Task objective
Word for word, restate the lines of the data below between those holding "Le raccord coudé" and "2017级学科教学(英语)专", inclusive; pictures do not belong in the copy.

Supplied material
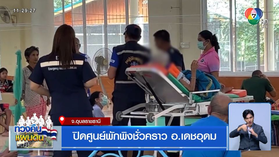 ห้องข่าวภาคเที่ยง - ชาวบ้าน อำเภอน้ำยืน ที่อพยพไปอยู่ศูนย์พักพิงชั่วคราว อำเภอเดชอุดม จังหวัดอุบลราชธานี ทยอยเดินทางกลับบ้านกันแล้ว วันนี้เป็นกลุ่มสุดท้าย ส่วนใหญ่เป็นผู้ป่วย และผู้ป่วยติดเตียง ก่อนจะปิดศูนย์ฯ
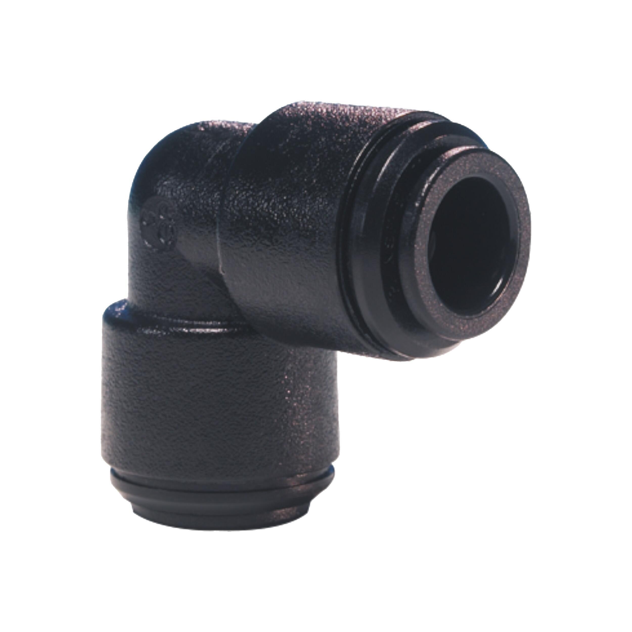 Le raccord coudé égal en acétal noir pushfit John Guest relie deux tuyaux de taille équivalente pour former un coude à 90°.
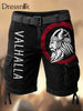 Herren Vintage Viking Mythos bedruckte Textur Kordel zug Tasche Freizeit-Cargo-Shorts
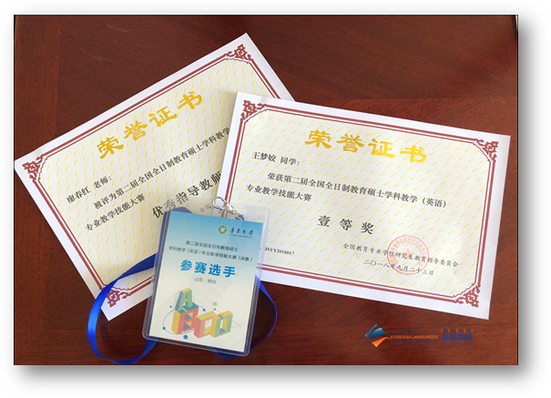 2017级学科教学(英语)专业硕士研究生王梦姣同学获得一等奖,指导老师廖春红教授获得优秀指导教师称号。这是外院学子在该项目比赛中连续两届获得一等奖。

* * *

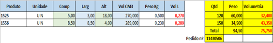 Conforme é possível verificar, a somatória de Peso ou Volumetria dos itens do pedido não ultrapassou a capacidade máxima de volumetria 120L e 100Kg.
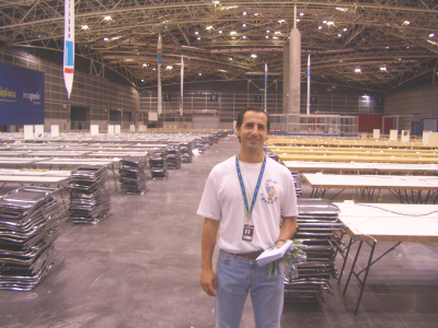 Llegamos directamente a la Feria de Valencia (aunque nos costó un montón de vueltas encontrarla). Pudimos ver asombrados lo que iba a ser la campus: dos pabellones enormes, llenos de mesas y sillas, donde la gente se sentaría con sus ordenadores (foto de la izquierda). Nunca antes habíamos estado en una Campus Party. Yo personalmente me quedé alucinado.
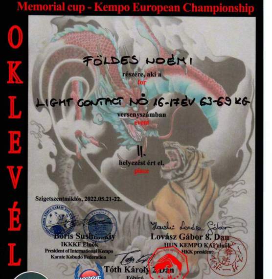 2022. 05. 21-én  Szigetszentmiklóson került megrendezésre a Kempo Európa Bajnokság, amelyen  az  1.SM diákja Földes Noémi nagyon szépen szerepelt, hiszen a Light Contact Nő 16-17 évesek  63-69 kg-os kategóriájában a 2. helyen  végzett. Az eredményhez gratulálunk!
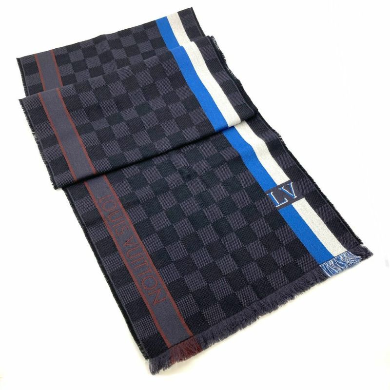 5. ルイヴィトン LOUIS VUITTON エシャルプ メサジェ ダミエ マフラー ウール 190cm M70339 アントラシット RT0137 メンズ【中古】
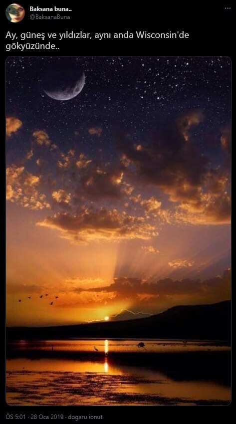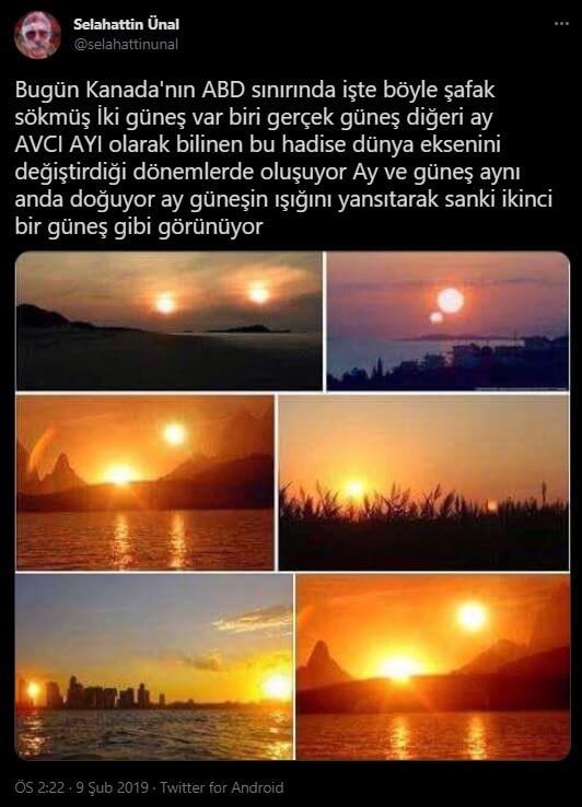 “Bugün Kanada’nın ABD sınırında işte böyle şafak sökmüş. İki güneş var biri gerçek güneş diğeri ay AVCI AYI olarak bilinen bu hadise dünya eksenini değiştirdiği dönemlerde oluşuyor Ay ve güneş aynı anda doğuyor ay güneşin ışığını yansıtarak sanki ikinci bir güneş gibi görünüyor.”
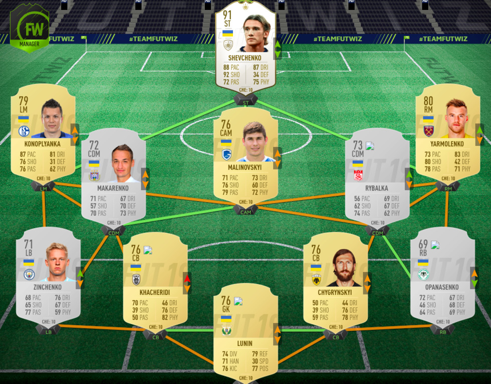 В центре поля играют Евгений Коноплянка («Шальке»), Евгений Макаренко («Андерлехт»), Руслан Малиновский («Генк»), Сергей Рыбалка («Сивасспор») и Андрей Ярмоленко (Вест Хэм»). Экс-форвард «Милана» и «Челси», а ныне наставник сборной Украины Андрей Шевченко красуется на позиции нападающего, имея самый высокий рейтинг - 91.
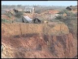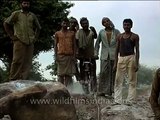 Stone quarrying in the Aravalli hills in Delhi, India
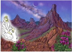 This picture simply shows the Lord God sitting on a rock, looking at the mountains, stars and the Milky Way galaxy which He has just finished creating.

Problem solution
 Le raccord coudé égal en acétal noir pushfit John Guest relie deux tuyaux de taille équivalente pour former un coude à 90°.
 Herren Vintage Viking Mythos bedruckte Textur Kordel zug Tasche Freizeit-Cargo-Shorts
 2017级学科教学(英语)专业硕士研究生王梦姣同学获得一等奖,指导老师廖春红教授获得优秀指导教师称号。这是外院学子在该项目比赛中连续两届获得一等奖。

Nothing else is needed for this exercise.